Dans le "manoir de ses rêves", à vrai dire, Gonzalo Bergara n'a pas seulement écouté Django Reinhardt. Du trio blues dans lequel il officiait dés l'âge de 16 ans, il a su préserver des sonorités, des climats et surtout un art de la ballade dont le titre éponyme de l'album, "Walking Home", est la quintessence absolue. Mais ce n'est pas tout ! Le virtuose argentin passe aussi par la case Astor Piazzolla, gloire nationale s'il en est, avec à la clé trois pièces d'une magie toute vivaldienne ("Junio", "Julio" et "Agosto") dont l'auteur des "Quatre saisons de Buenos Aires" n'aurait certainement pas rougi.

L'apparition de la clarinette (Rob Hardt) sur des morceaux plus classiques comme "Munequina" et "Leopold" ancrent d'avantage l'album dans le répertoire manouche mais avec, là encore, un allant qui tranche avec ce que l'on a coutume d'entendre par ailleurs. Un nouveau cran est franchi avec "La Muerte De Un Lobo Malo". Une fois de plus, on pense à Piazzolla et on est surtout subjugué par cette rythmique d'enfer que dicte une violoniste en état de grâce. Elle est dantesque, effectivement, cette mort du grand méchant loup sous l'archet tellement sensuel de Leah Zeger, nouvelle venue dans le groupe.
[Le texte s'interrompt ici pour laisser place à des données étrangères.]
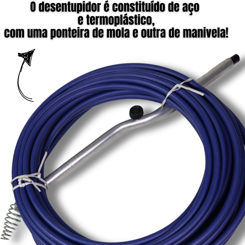 Desentupidor Manual Flexível 10 Metros Ferramenta Para Desentupir Canos Tubos de Esgoto Ralos Pia
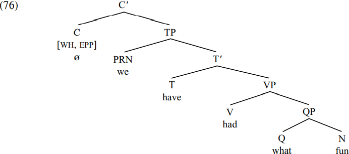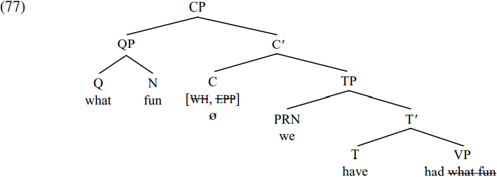 The [WH] feature of C attracts the closest maximal projection with a wh-word (i.e. the QP what fun) and moves it into spec-CP, simultaneously deleting the [WH, EPP] features on C. The resulting derived structure is that shown in simplified form below:
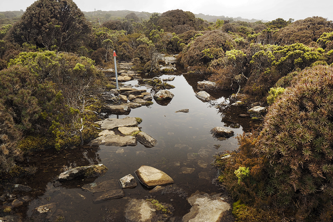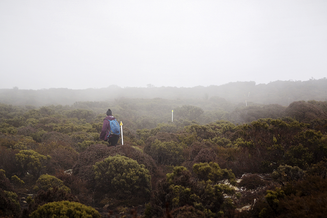 The summit of Quamby is an interesting one and surprisingly damp given the relative dryness of the slopes on the way up. A series of metal poles with arrows on them light the way to the actual summit. They came in handy on the day we were there, as there was a bit of cloud cover shrouding the top in a misty haze.
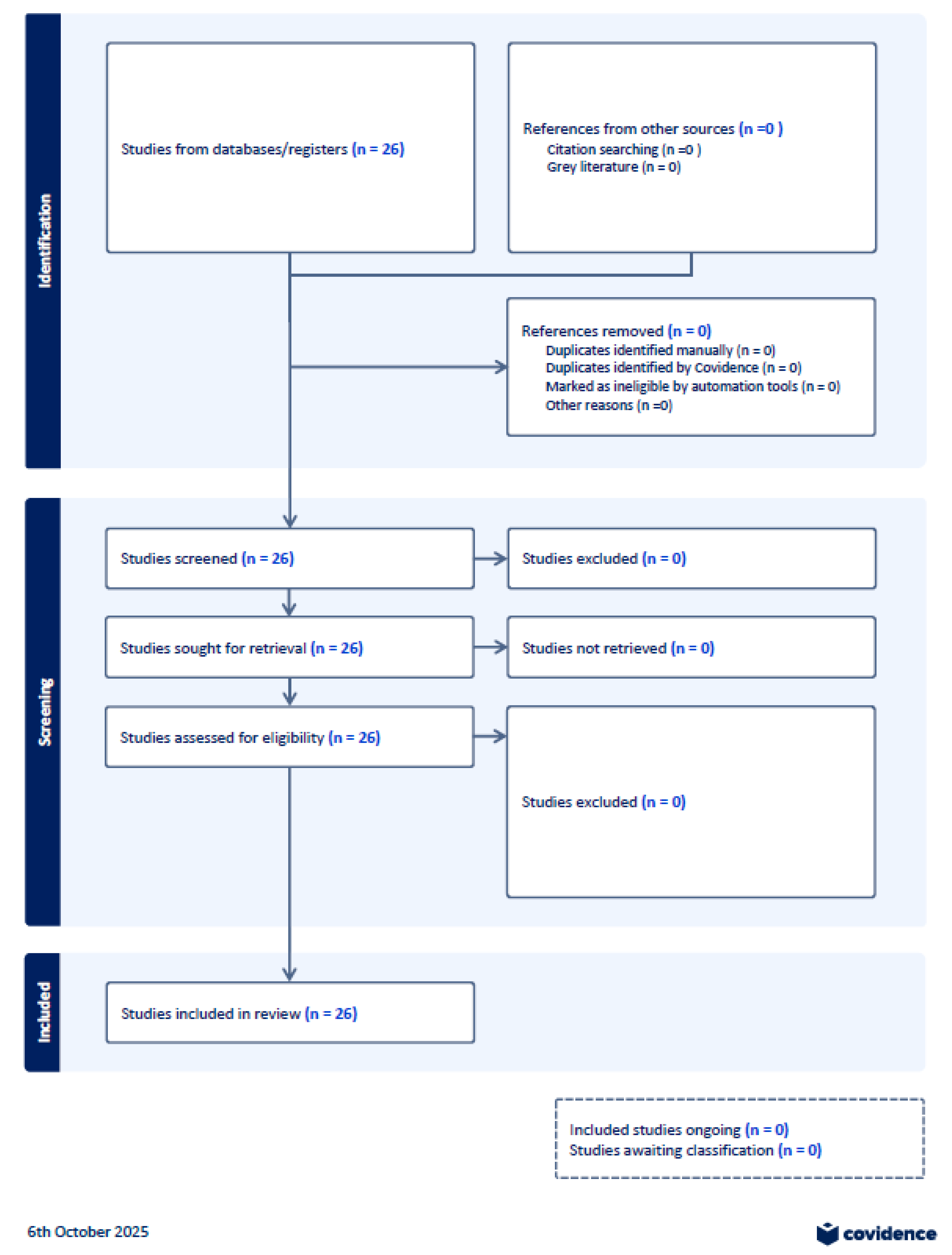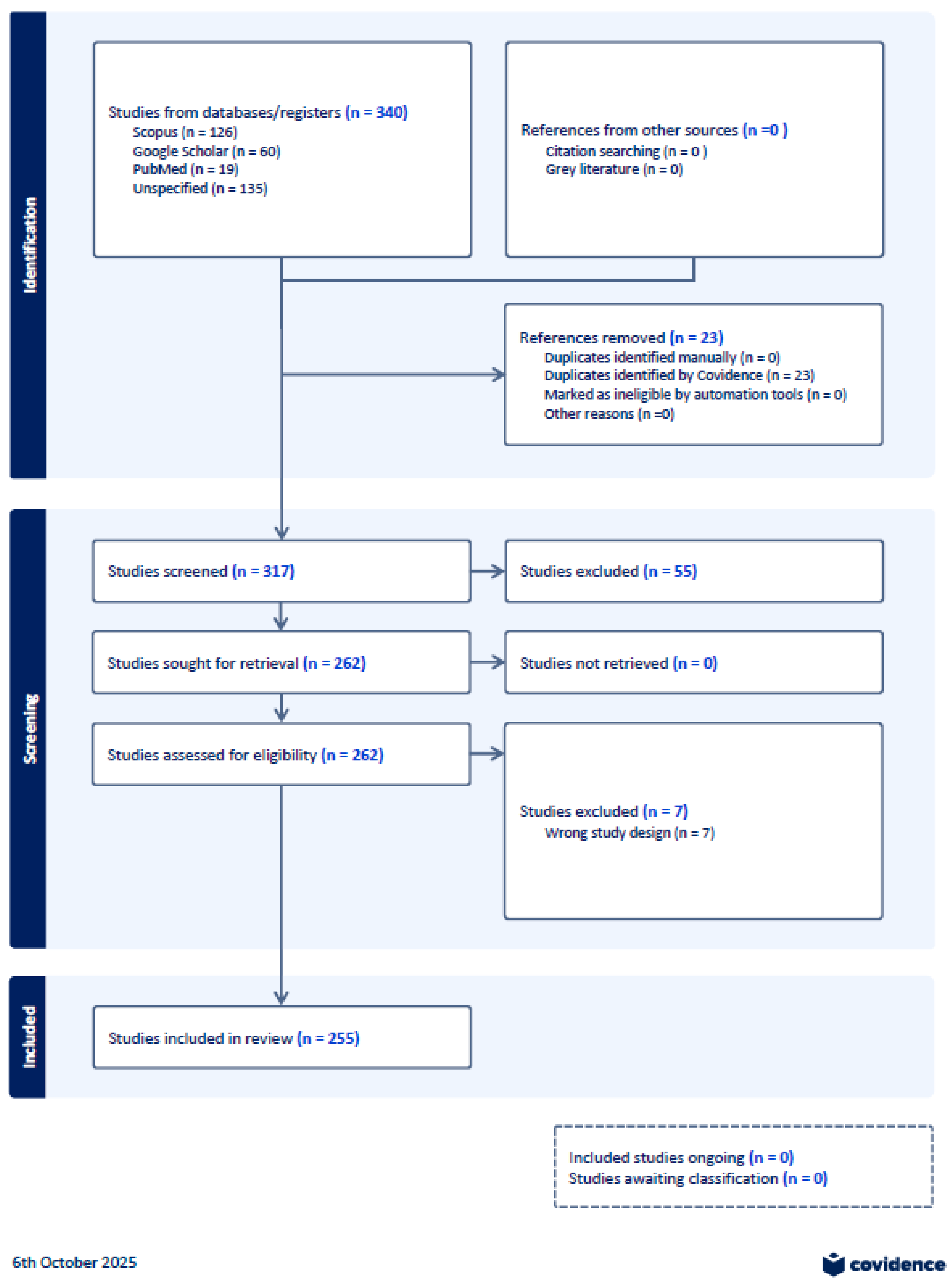 - Full dataset: 255 studies (2006–2025); Sample: 26 (2019–2025).
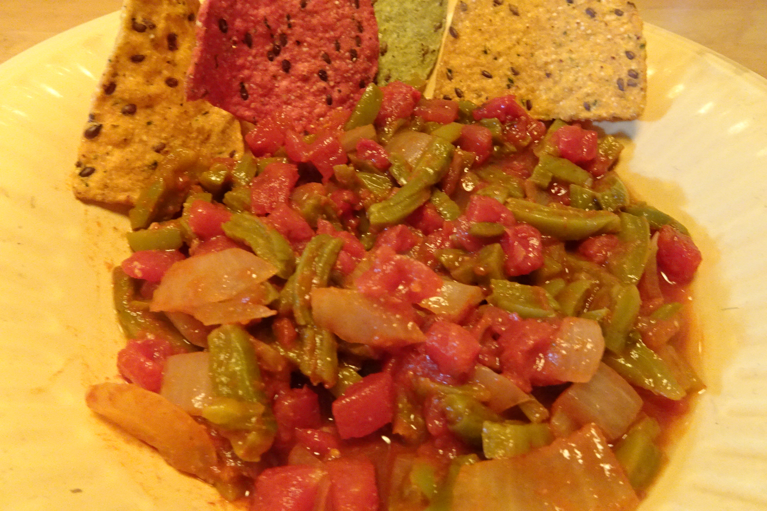 Back in our “seminars,” someone would be chosen to present what subject they were working on. By the time of those meetings, I had already published my first cookbook, then called American Indian Food and Lore, now republished as American Indian Cooking: Recipes from the Southwest. I had done the research by traveling around the Southwest talking to Native American women and gathering recipes from them. At this weekend’s potluck, my friend Nancy Ferguson surprised us by bringing a recipe from that first cookbook, Beavertail Stew. No beavers are in this dish! The name comes from a nickname for prickly pears because the big flat leaves resemble a beaver’s tail. I haven’t heard that nickname recently, but this book was researched fifty years ago.
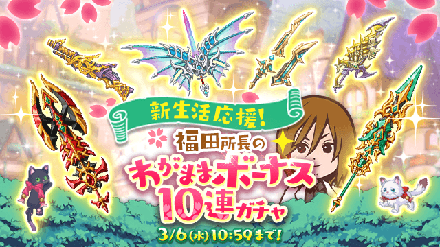 新生活応援★わがままボーナス10連ガチャや、総数150の専用武器入りボックスなどが登場!
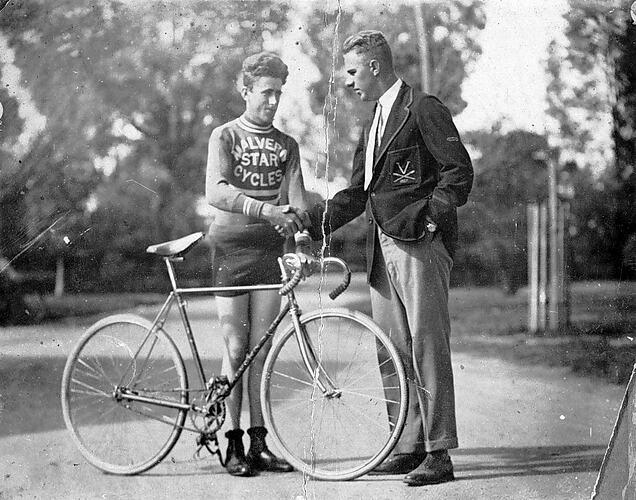 A cyclist, wearing a Malvern Star Cycles sweater, shaking hands with a man wearing a blazer with a 'V' and crossed oars (?) on the pocket.
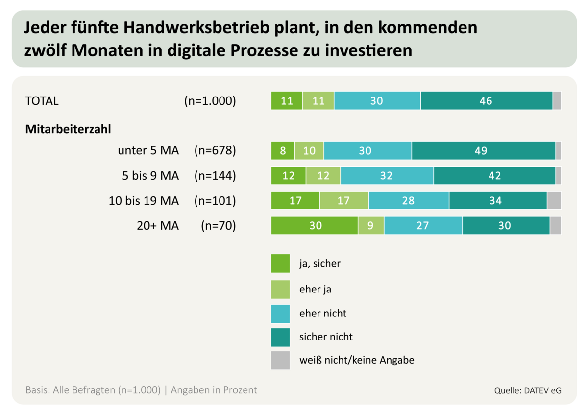 „Das Handwerk befindet sich in einer Übergangsphase, weg von einzelnen digitalen Lösungen und meist mit Papier verbundenen Medienbrüchen, hin zu durchgängig digital ablaufenden kaufmännischen Prozessen“, sagte Stefan Wunram, Chefberater Strategische Entwicklung der DATEV, bei der Vorstellung der Studie in München. Über 80 Prozent der Betriebe setzen demnach auf digitale Lösungen in der Kommunikation und den internen kaufmännischen Prozessen. „22 Prozent streben nun allerdings die nächste Stufe der Digitalisierung an“, so Wunram. In diesen Handwerksbetrieben soll in den kommenden zwölf Monaten in digitale Technik investiert werden.
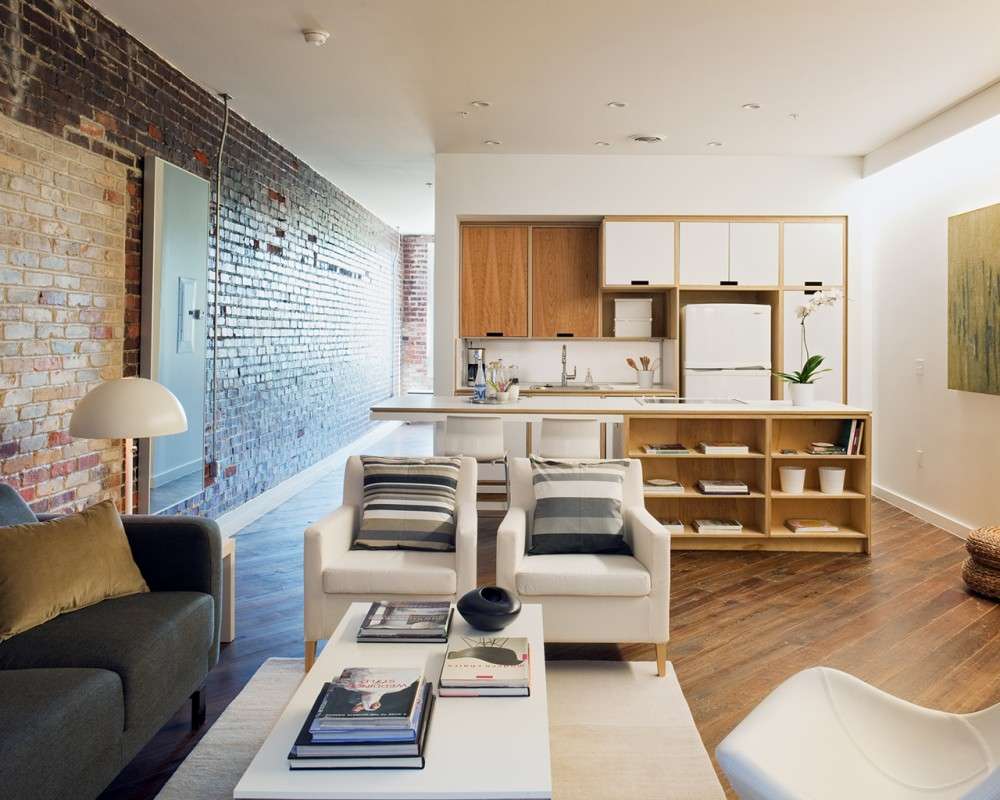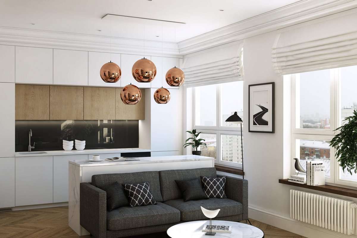 Essa opção é considerada uma solução bastante simples para o problema de espaço pequeno. A combinação de dois quartos pode ser feita com a ajuda de uma abertura estendida entre os quartos ou na forma de um arco, combinado com balcão de bar.

On a gardé le meilleur pour la fin, à savoir les deux "Nightmare" qui résument en guise de double climax le grand mix auquel carbure Gonzalo Bergara au côté son fidèle guitariste rythmique Jeffrey Radaich et de trois autres contrebassistes, Brian Netzley, Gabe Noel et Pablo Motta. L'originalité et l'architecture des arrangements, la notion même de paysage qui transfigure ces deux titres, le thème principal du premier qui devient la coda du second, la conclusion pianistique de "Nightmare 1", la guitare électrique qui surgit des profondeurs de "Nightmare 2", et puis encore une fois cette violoniste dont on ne peut plus se passer, tout cela conflue dans une fièvre argentine qui va faire un malheur, on en est sûr, lundi prochain, sur la scène de l'Olympia.

"Walking Home", de Gonzalo Bergara (album auto-produit). Concert à l'Olympia pour la soirée annuelle de TsfJazz, "You & The night & The Music", le lundi 17 décembre, puis au Baiser Salé le mercredi 19 décembre, à suivre en direct sur TsfJazz.